Rowan stiffened. Her hands, which had been clutching the lapels of my shirt, froze. Her hazel eyes flew open, wide and searching, the pupils blown so large they nearly swallowed the irises. She looked for a moment like she was calculating the blast radius of the admission.

"Stephen, I?—"

"Don't litigate it," I cut her off, sliding my hands up her ribcage, feeling the frantic, galloping rhythm of her heart. "I know. I knew the moment you walked into the kitchen this morning. You walked differently. Your center of gravity had shifted."

She blinked, a flush rising up her neck that had nothing to do with shame and everything to do with being read. "You... analyzed my gait?"

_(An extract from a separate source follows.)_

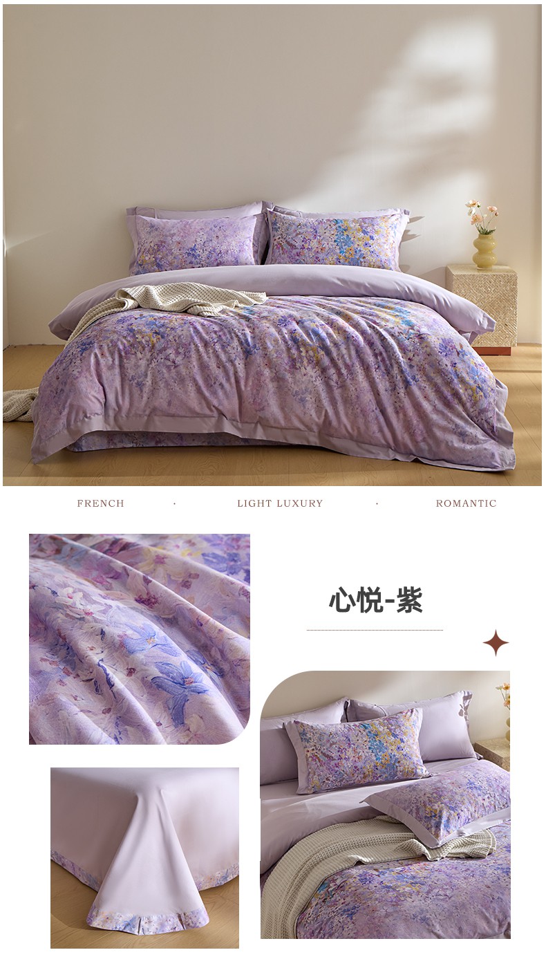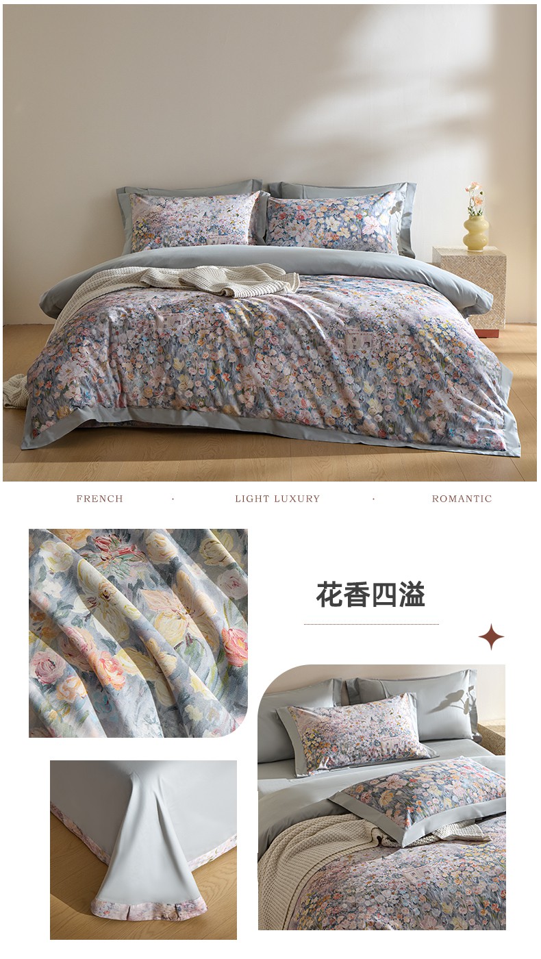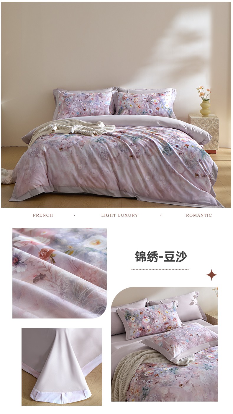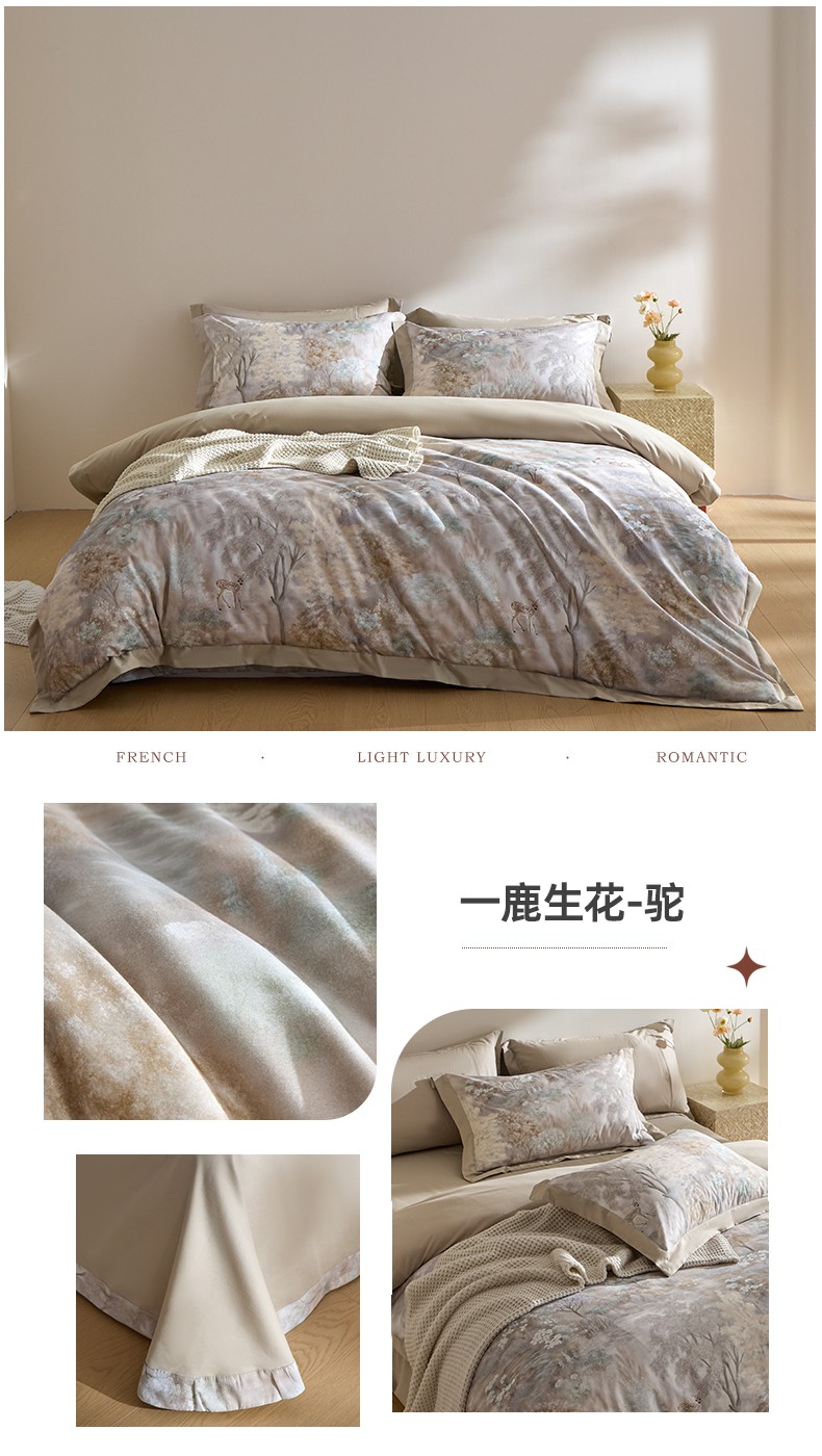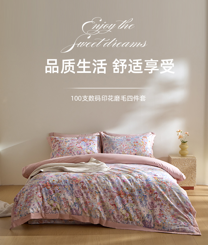 【热卖推荐】自然醒全棉贡缎数码100支长绒棉磨毛四件套(带高档礼盒)HS

"I analyze everything, Rowan. It’s my job. It’s my nature." I kissed the corner of her mouth, a soft, predatory graze. "I noticed you weren't vibrating anymore. I noticed you looked atMateo not like a threat, but like a wall you could lean on. He grounded you."

"He stopped the noise," she whispered, a confession. "The panic... it was eating me. He just stopped it."

"I know."

And I did. I understood the utility of Mateo. He was gravity. He was the anchor that kept the ship from drifting into the storm. But I wasn't gravity. I was the architect who wanted to know how the ship was built.